Ashley Paulson has rewritten the women's 100-mile world record with a stunning 12:19:34 at the Jackpot 100 Mile in Henderson, Nevada — a performance that obliterated the previous record by over an hour and established a new standard that may prove untouchable for years to come. The American ultrarunner's achievement ranks among the most dominant single-day performances in the history of ultra-distance running.

The Jackpot 100 is a looped course designed to facilitate fast times, with minimal elevation gain and aid stations every few miles. But no course advantage can explain the magnitude of Paulson's record. To run 100 miles in 12 hours and 19 minutes requires sustaining an average pace of approximately 7:23 per mile — a pace that many recreational runners would struggle to maintain for a single mile, let alone a hundred. The level of sustained aerobic fitness, mental fortitude, and nutritional precision required is almost incomprehensible.

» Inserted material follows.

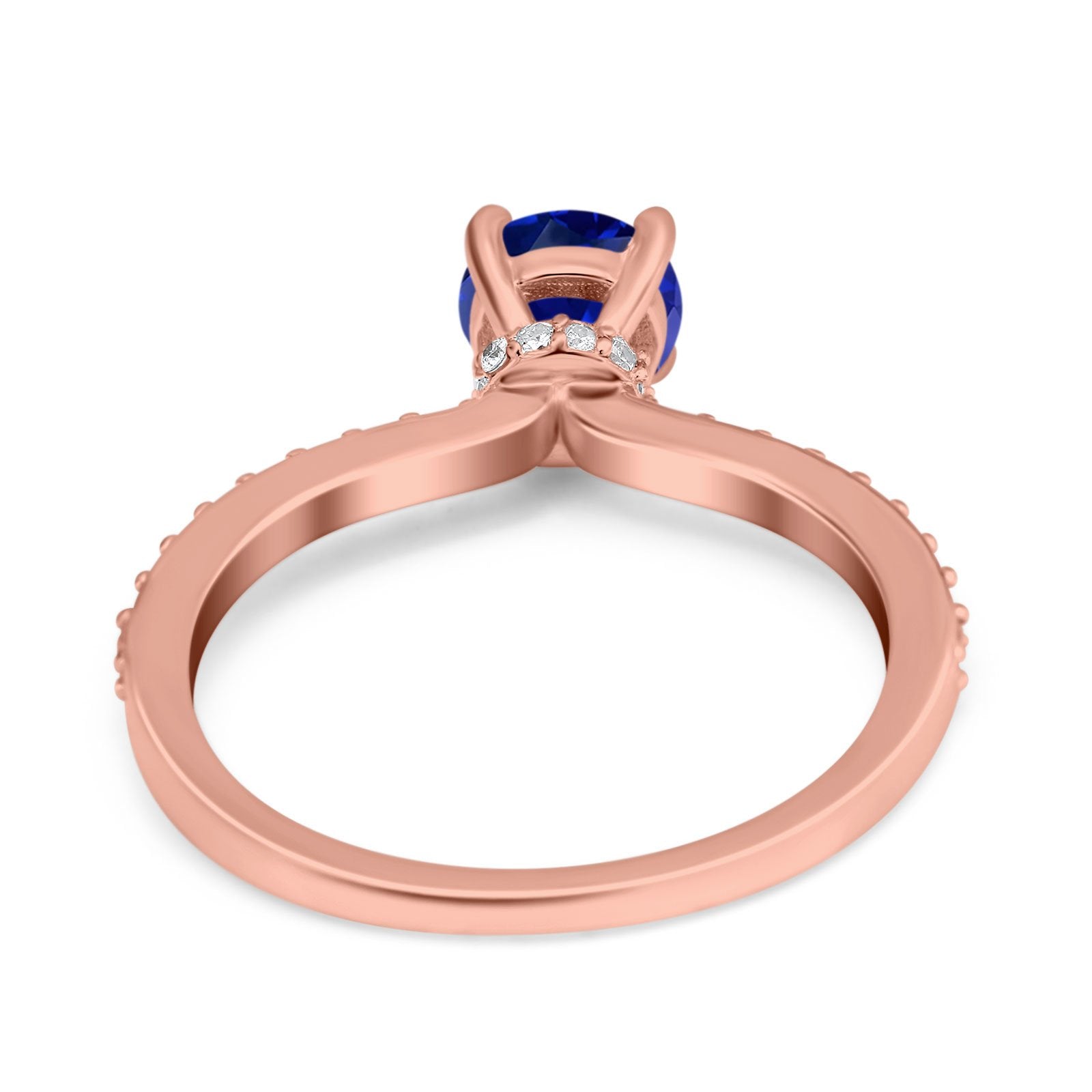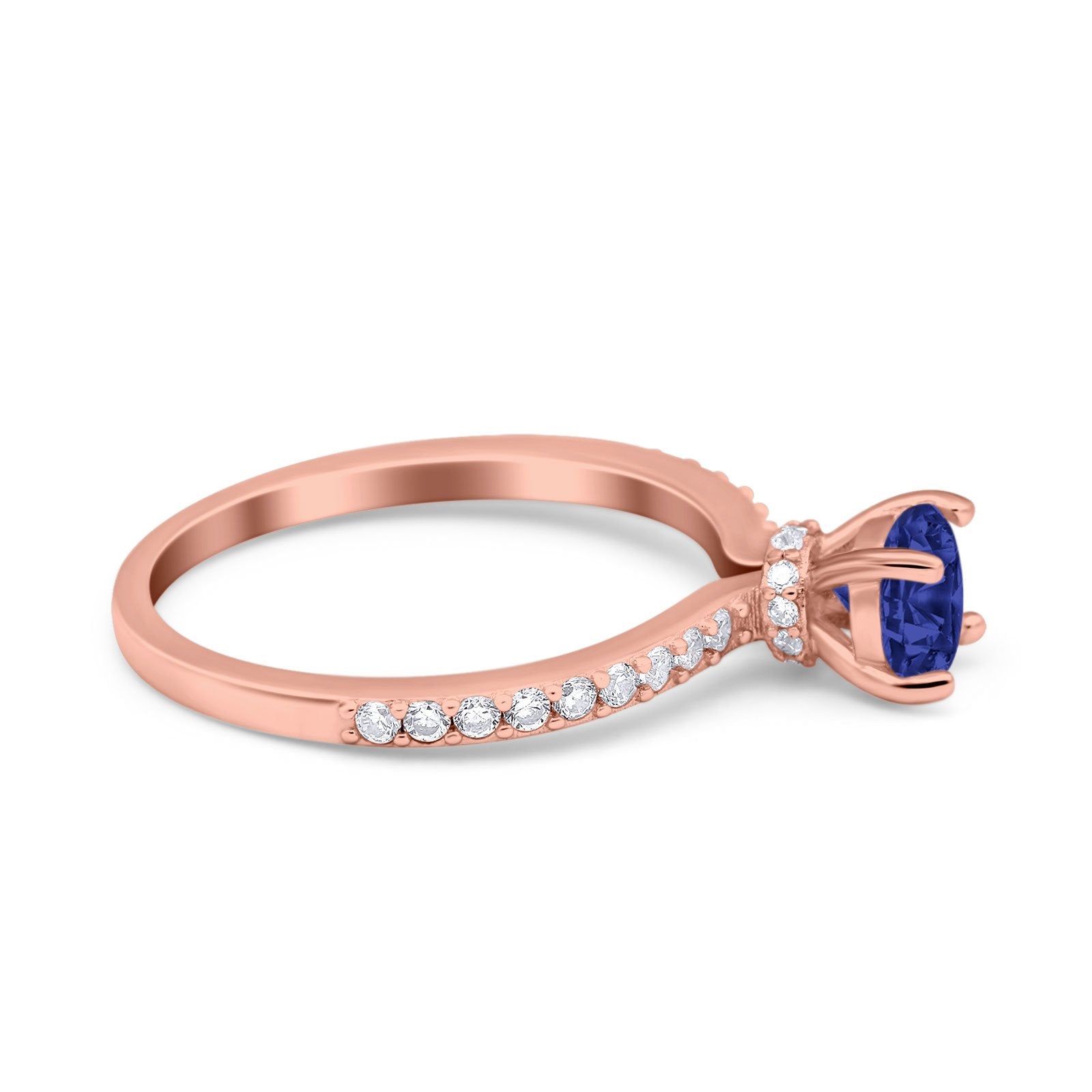 CZ & Blue Sapphire CZ Rose Tone Silver

Paulson's performance continues a trend of extraordinary depth in American women's ultrarunning. Courtney Dauwalter, Camille Herron, and now Paulson have pushed the boundaries of what is possible in women's ultra-distance events, each bringing different strengths and approaches to the discipline. Paulson's particular talent lies in her ability to hold a remarkably consistent pace over extreme distances — her negative splits through the middle portions of the Jackpot 100 suggest she was racing with control rather than simply surviving.

The 100-mile distance occupies a unique position in ultrarunning — long enough to be genuinely extreme, but structured enough (usually on roads or flat trails) to produce meaningful records that can be compared across events and eras. Paulson's 12:19:34 provides a new benchmark that will define women's 100-mile running for the foreseeable future and further cements American dominance in a discipline that has become one of the most dynamic and rapidly evolving segments of the sport.